Deixando de lado um pouco a corrida dos megapixels, alguns fabricantes começaram a notar que existem alguns recursos mágicos para atrair o usuário doméstico. Tudo começou com o Face Detection, que tem como função encontrar a face das pessoas nas fotos e fazer o foco nessa região. Depois tivemos o Smile Detection (sorrisos) e o Blink Detection (olhos piscando). Essas perfumarias, que não influenciam a qualidade da imagem, visam atrair o usuário comum que quer apenas apertar o botão de sua câmera e ter uma imagem para colocar em seu álbum virtual. Ele não quer se preocupar com velocidade do obturador, abertura do diafragma ou velocidade ISO (em vários casos ele nem sabe que isso existe), o que importa é a imagem. Ao procurar no mercado encontramos muitas outras funcionalidades acopladas aos equipamentos para tornar o usuário mais feliz. Em alguns casos elas se encontram em câmeras de péssima qualidade, mas alguns funcionam perfeitamente e realmente tornam a vida das pessoas mais simples.

E a tal da convergência?

Ao que parece, o futuro também pertence à convergência das mídias para aparelhos únicos. Já temos os celulares com câmeras de vários megapixels, embora nenhum ainda tenha sido suficiente para substituir a qualidade até de câmeras mais simples, mas são perfeitos para os anseios de grande parte dos usuários. Mas, até nos equipamentos fotográficos, vemos alguns indícios de que a convergência está chegando. Já existem câmeras com GPS, como citado acima, e algumas com MP3 Player e acesso Wi-Fi a rede de computadores. Mais funcionalidades podem vir a ser acopladas às câmeras e, talvez, daqui a 5 anos teremos um aparelho que traga todas essas características com qualidade e bom desempenho. Por enquanto ainda não existe isso e se você quer fotos com qualidade procure uma câmera e não um celular.

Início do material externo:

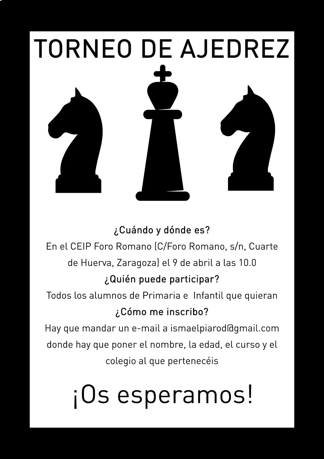 Este sábado día 9 de Abril a las 10:00 tendrá lugar en el CEIP Foro Romano de Cuarte de Huerva un Torneo de Ajedrez organizado por Océano Atlántico, en el que podrán participar los alumnos y alumnas de Infantil y Primaria de cualquier colegio, no hace falta que estén apuntados a ninguna extraescolar de ajedrez, solo importa que sepan jugar un poco y que les apetezca participar y pasárselo bien.

De um modo geral, o que o mercado fotográfico nos mostra é que existem duas vertentes se separando. Uma está focando no usuário exigente, mostrando equipamentos com mais qualidade e funcionalidades. Eles são mais caros que a média, mas a tendência é de queda de preços à medida que a indústria está se equiparando. Antes, apenas algumas empresas tinham o pleno conhecimento de como produzir bons equipamentos. Hoje quase todas se encontram no mesmo patamar tecnológico e a conseqüência são bons equipamentos com preços mais baixos. Quem ganha é o consumidor. A segunda vertente foca no usuário mais comum, chamado também de usuário doméstico. Ele só quer uma câmera que produza imagens para abastecer seu álbum familiar. Esse usuário é atraído pelas câmeras com dezenas de funcionalidades que visam facilitar sua vida e transformar o ato fotográfico no simples apertar de um botão.